Ballistic performance
| Bullet mass/type | Velocity | Energy |
| 185.4 gr (12 g) FMJ | 812 m/s (2,660 ft/s) | 3,960 J (2,920 ft⋅lbf) |  |

= 7.62×53mmR =

Finnish rifle cartridge

The 7.62×53mmR (designated as 7,62 × 53 R by the C.I.P.) rifle cartridge is a Finnish design based on the Russian 7.62×54mmR round dating back to 1891.

==History==
After gaining its independence in 1917 and after the Finnish Civil War of 1918, large numbers of Model 1891 Mosin–Nagant rifles were in the hands of the Finnish military. As the old barrels were worn out, they were replaced by new 7.83 mm (.308 in) barrels and the leftover 7.62×54mmR cartridges being in short supply, a domestic product was needed. This gave birth to the 7.62×53mmR.

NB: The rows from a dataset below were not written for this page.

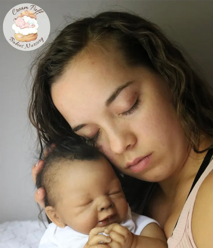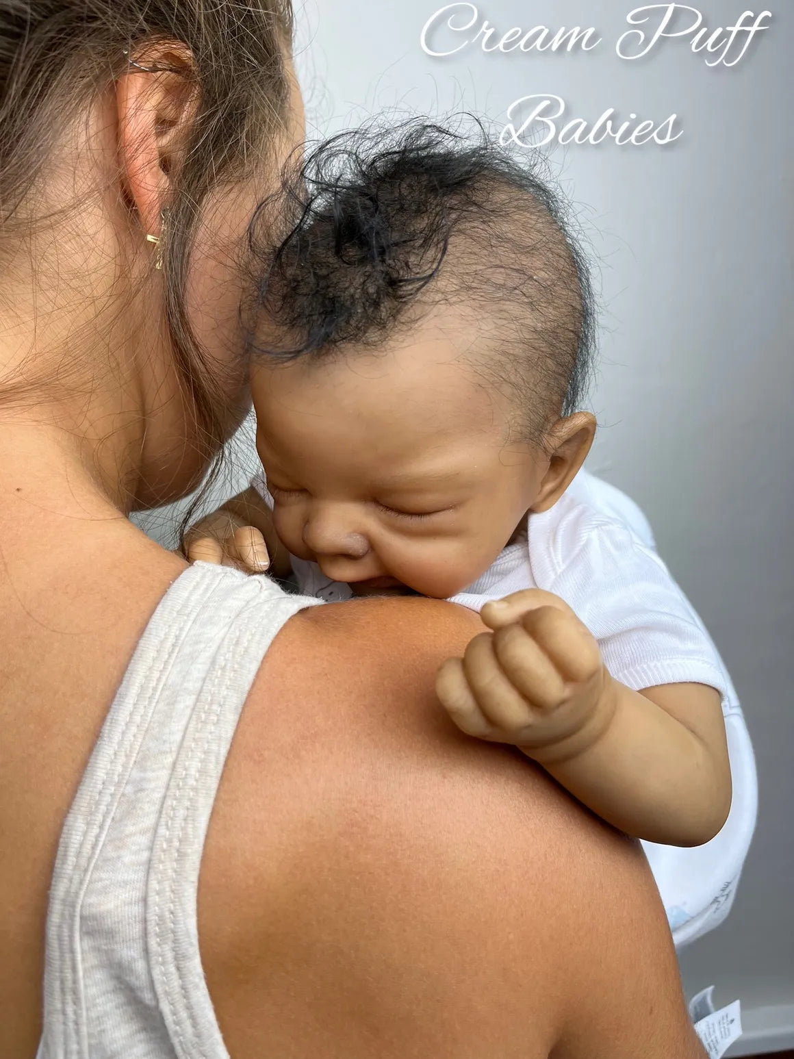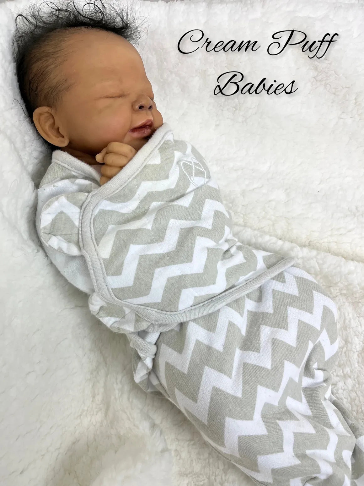 “As in real life, each baby's skin tone is unique. Multiple artistic techniques were used to achieve the desired biracial/ African American skin complexion for Gideon. The vinyl was colored on the outside to give the most realistic premature "blotchy" skin tones. This natural shade of coloring was created by using various shades of Genesis heat set paints, which I've applied over multiple layers to achieve the depth of detail and true to life look I envisioned. I handled him delicately, and spent extra time and care creating, enhancing, and developing his realistic features.“
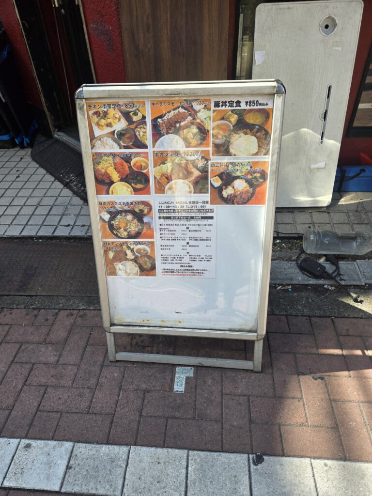 ランチメニューの看板が出てます。以前はお弁当出してた時期もあったんですけど、今はなくなったのかもしれません。
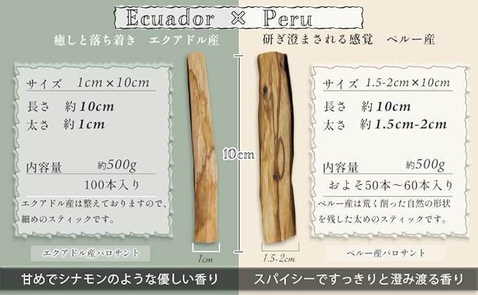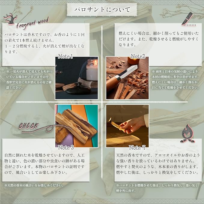 【製法】 木を圧縮することで油を分泌し芳香を獲得。収穫した木は3〜4年間収集されないままにして、自然を破壊しないよう保全しています。パロサント農場から直接仕入れ、日本国内で検品・パッケージしております
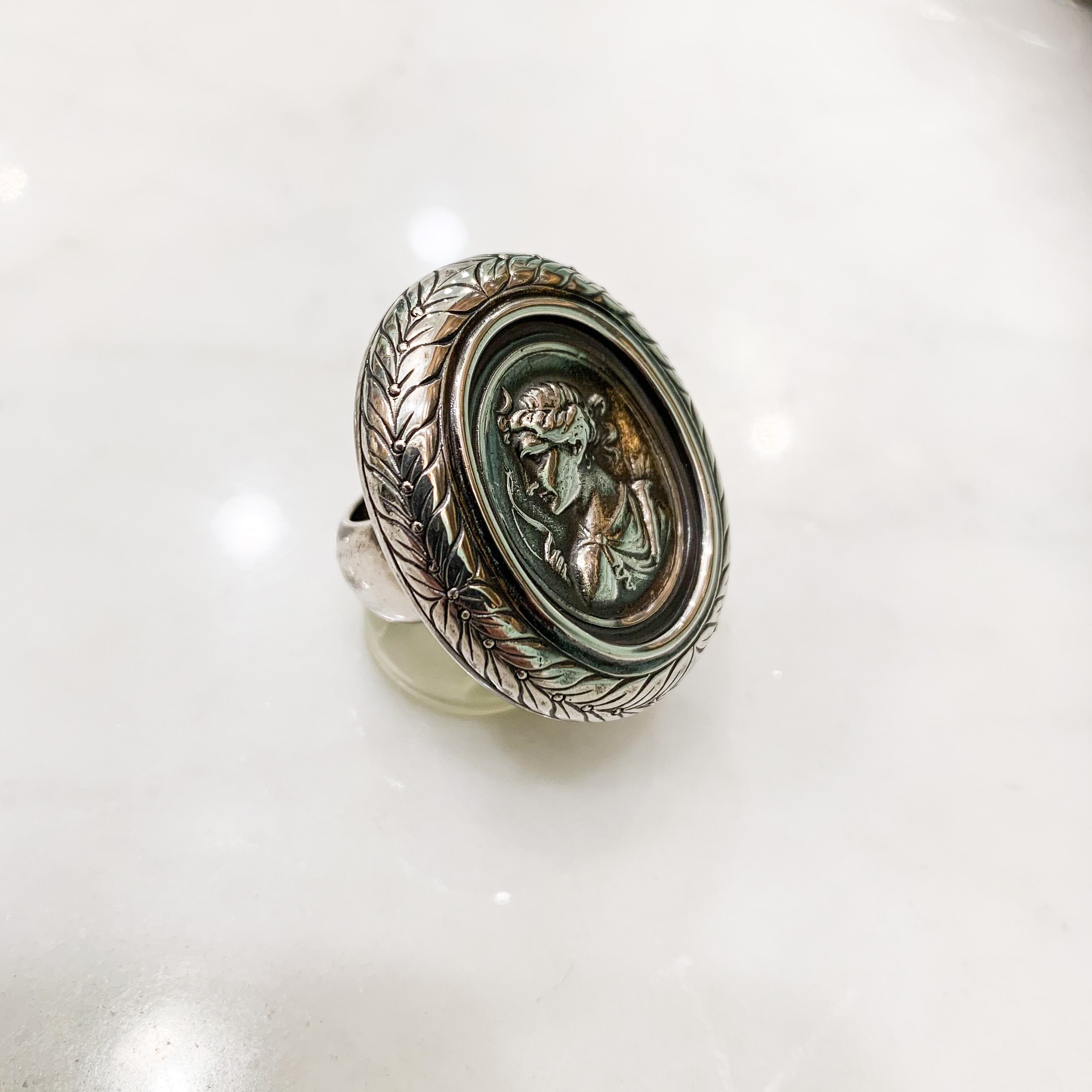 アンティークのカメオから型を起こして作った、シルバーカメオの指輪です。
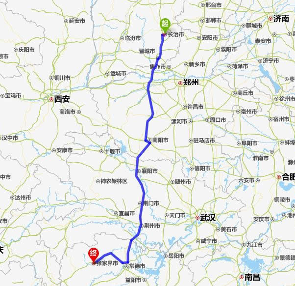 長(zhǎng)治去張家界自駕車自助游線路圖全程高速):
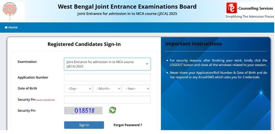 WBJEE JECA 2025 Admit Card Live Updates: Login Page
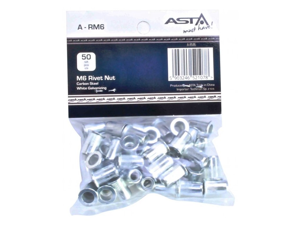 Maticové nity - nitovacie matice s plochou hlavou, oceľ, rôzne rozmery, balenie 50 kusov
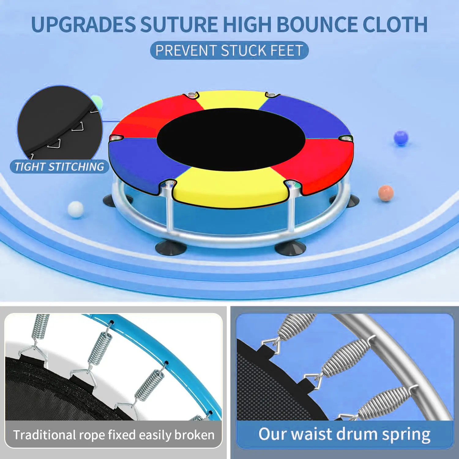 ·【 Upgrade non-gap 360° Enclosure Net safety design & leak-proof high bounce cloth 】 360° surround thick encryption protective net, upgrade bottom of the Enclosure Net can be removed, compared with ordinary trampoline upgrade to high elastic tightly stitched one jump cloth, 3 layers of thick safety pad, to prevent children from stepping on feet. Customized thick waist drum spring, lasting without deformation, for children indoors and outdoors to eliminate worries
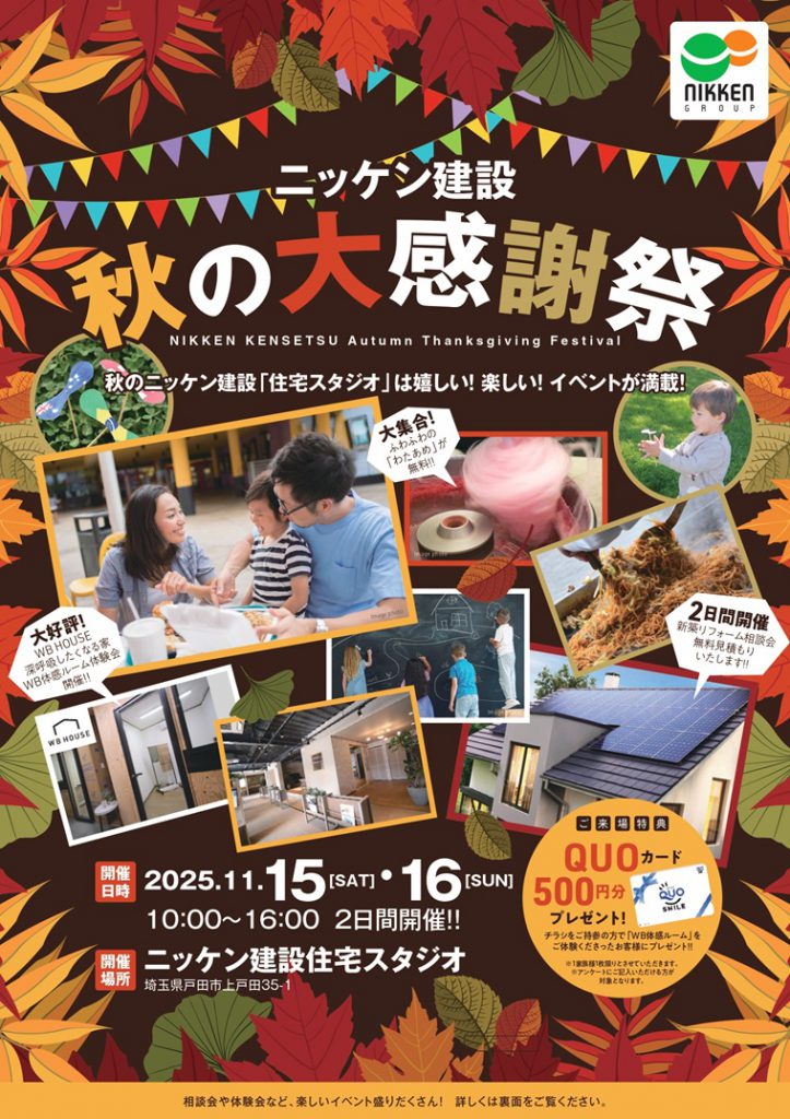 11月15日(土)・16日(日) ニッケン建設住宅スタジオにて秋の大感謝祭を開催いたします。
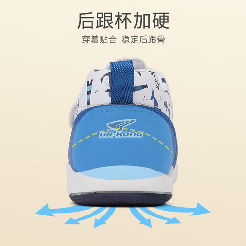 深蓝色的小鲨鱼让造型感更加突出也更吸睛。柔软透气的鞋面容易弯曲,鞋底采用温和足弓垫,帮助宝宝科学走路提升承托力。
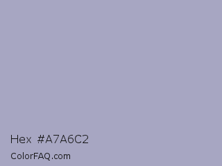 Hex #a7a6c2 Color is a light indigo color and the nearest color is Logan #aaa9cd. Hex code #a7a6c2 and RGB value is rgb(167,166,194). In RGB color space, this color is composed of 65% red, 65% green, 76% blue, In CMYK color space, this color is composed of 14% cyan, 14% magenta, 0% yellow , 24% black , In HSL color space, this color has a hue angle of 242° , 19% saturation and 71% lightness.
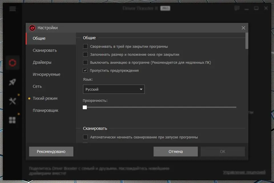 - Автоматическое сканирование системы на наличие устаревших драйверов
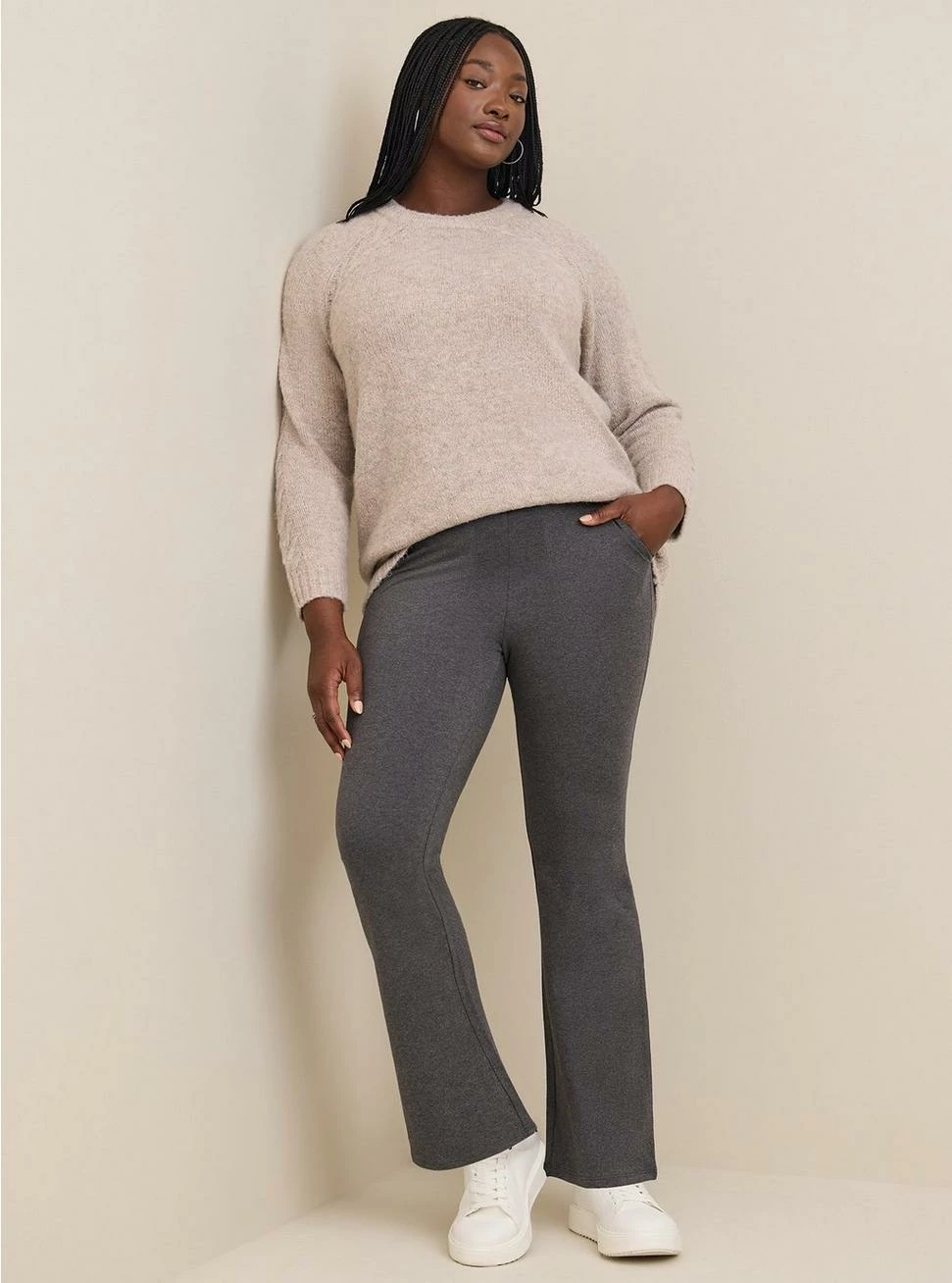 - Thick cotton-blend fabric that smooths and flatters.
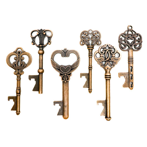 This antique looking metal key that is also a bottle opener! Perfect to hang on your key chain, so that you are always prepared. They will open any regular sized beer or soda bottle. This is perfect last minute add on item. Online orders will ship a random style, price is per key. Sizes vary slightly, but average size is 3" x 1". Ships in 1-3 business days
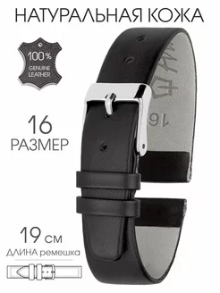 Ремешок браслет для часов из натуральной кожи 16 мм черный
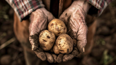 A pair of hands cradling a group of freshly harvested potatoes, still speckled with soil. Generated by artificial intelligence.
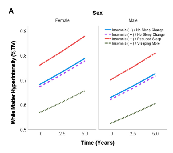 梅奥诊所的研究也印证了这一点。在失眠人群中,那些 “睡眠时长少”的人,大脑健康状况更加糟糕;而那些虽然失眠但“睡得更多”的人,其脑血管病变(WMH)的负担相对较轻。
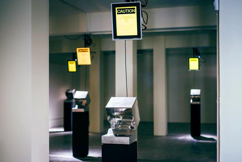 Cheng Hsien-yu’s (鄭先喻) Discharge What You Charged — which consists of cube-like lidded apparatuses on plinths arranged around a display space — is part of “Transistor,” a special exhibition at the Museum of Contemporary Art (MOCA) in Taipei.
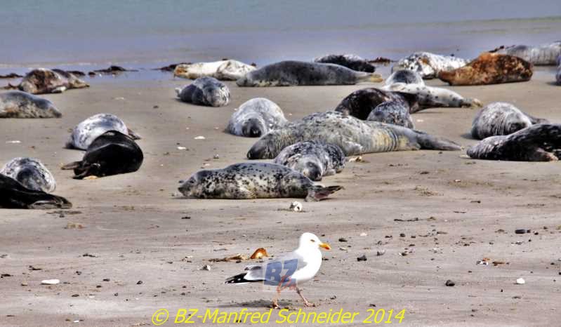 Seehunde und Robben am Strand der Düne Deck 5 ist das Sonnendeck, hier können die Gäste im
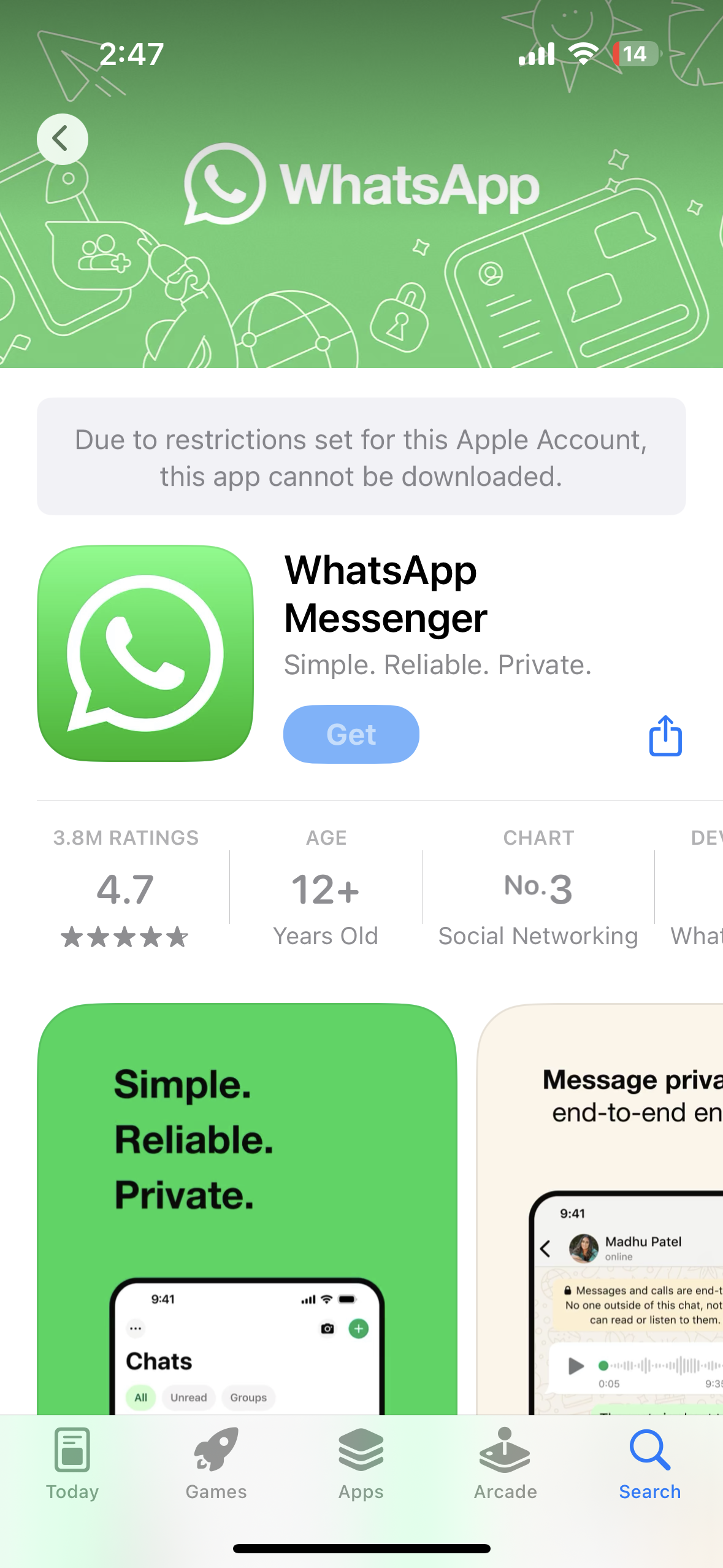 due to restrictions set for this apple account this app cannot be downloaded
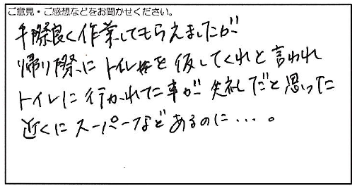 2024.02.28 お客様の声 大阪市 匿名様 手際良く作業してもらえましたが 帰り際にトイレを貸してくれと言われ トイレに行かれた事が失礼だと思った 近くにスーパーなどあるのに、、、。 お客様へ この度は弊社にご依頼いただき、誠にありがとうございます。 また、この度はご不満をおかけしてしまい、大変申し訳ございませんでした。 お客様に満足いただけるよう一層努力してまいります。
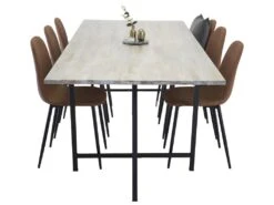 Jepara Ensemble Table, Table Teck Et 6 Polar Chaises Similicuir PU Marron.
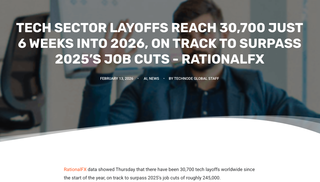 [1] TechNode Global, “Tech sector layoffs reach 30,700 just 6 weeks into 2026, on track to surpass 2025’s job cuts,” Feb 13, 2026
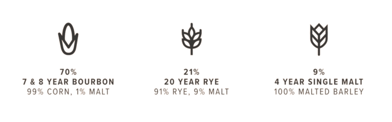 Sounds a lot like a Canadian whiskey blend based on that information. A little research on their website indicates that the whiskey is distilled in Canada and Indiana (presumably at MGP). They include more details, including the final mash bill, which includes a blend of 7 & 8-year bourbon, 20-year rye whiskey, and 4-year single malt.

In the late 1930s the Finnish Army started loading military cartridges with domestically produced 7.87 mm (.310 in) diameter D166 bullets as the production of new M39 "Ukko-Pekka" rifles barreled for 7.62×54R diameter bullets started. This change was due in part to allow the use of captured Soviet ammunition and machine gun ammunition which often was of a slightly greater bore diameter than its Finnish counterparts. The rifling twist rate was also changed from 300 mm (1 in 11.81 in) to 254 mm (1 in 10 in).

== Use ==
The 7.62×53mmR cartridge remains in military use to this day, although it is now only used by the 7.62 TKIV 85 sniper rifle. PKM machine guns and other Russian weapons in use by the Finnish Defence Forces use the 7.62×54mmR exclusively.
The Finnish Defence Forces issued instructions that whenever possible, personnel issued with a rifle chambered for 7.62×53mmR (effectively the TKIV 85 rifle) should use 7.62×53mmR ammunition only, and that use of 7.62×54mmR is only allowed when 7.62×53mmR is not available.

==Cartridge dimensions==
The 7.62×53mmR has 4.16 ml (64 grains) H_{2}O cartridge case capacity. The exterior shape of the case was designed to promote reliable case feeding and extraction in bolt-action rifles and machine guns alike, under extreme conditions.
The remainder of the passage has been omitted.